Each ChunkItem (represented by ChunkItem class) has a reference to the next ChunkItem in the list. The list consists of its head - which stores the contents of the first source element that belongs with this chunk, and its tail - which is an end of the list. The tail is repositioned each time a new ChunkItem is added. The tail of the linked list is set to null in the CopyNextChunkElement method if the key of the next element doesn't match the current chunk's key, or there are no more elements in the source.

The CopyNextChunkElement method of the Chunk class adds one ChunkItem to the current group of items. It tries to advance the iterator on the source sequence. If the MoveNext() method returns false the iteration is at the end, and isLastSourceElement is set to true.

The CopyAllChunkElements method is called after the end of the last chunk was reached. It checks whether there are more elements in the source sequence.

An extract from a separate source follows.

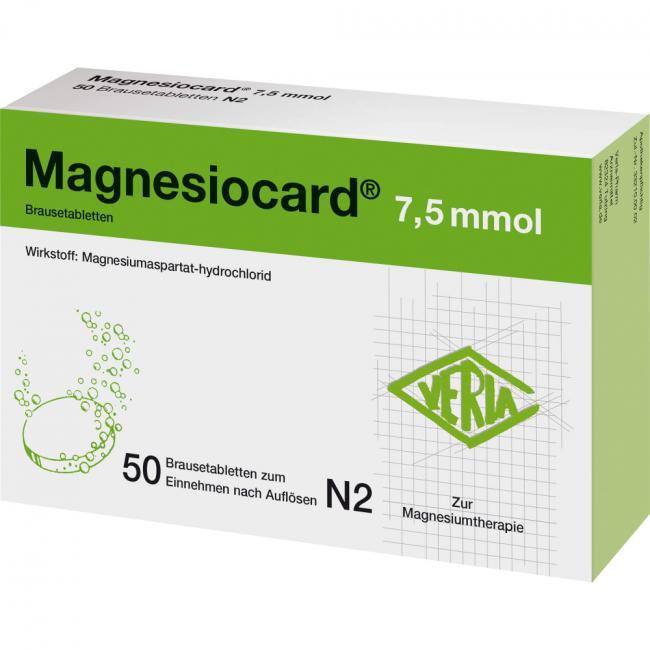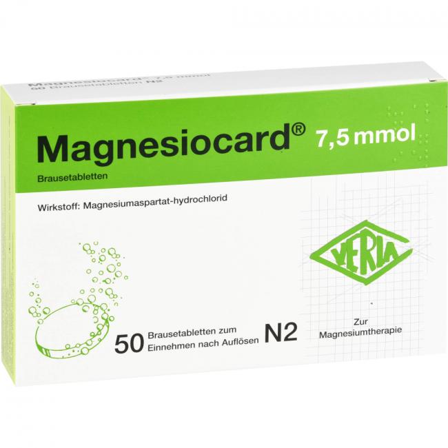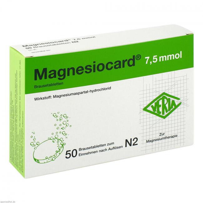 Magnesiocard 7,5 mmol. Wirkstoff: Magnesiumaspartat-hydrochlorid. Anwendungsgebiete: Behandlung von therapiebedürftigen Magnesium-Mangelzuständen, die keiner Injektion/Infusion bedürfen. Nachgewiesener Magnesiummangel, wenn er Ursache für Störungen der Muskeltätigkeit (neuromuskuläre Störungen, Wadenkrämpfe) ist. Hinweise: enthält Aspartam, Natrium- und Kaliumverbindungen.

If there are, it returns true if the enumerator for this chunk was exhausted. In this method, when the private DoneCopyingChunk field is checked for true, if isLastSourceElement is false, it signals to the outer iterator to continue iterating.

The inner foreach loop invokes the GetEnumerator method of the Chunk class. This method stays one element ahead of the client requests. It adds the next element of the chunk only after the client requests the previous last element in the list.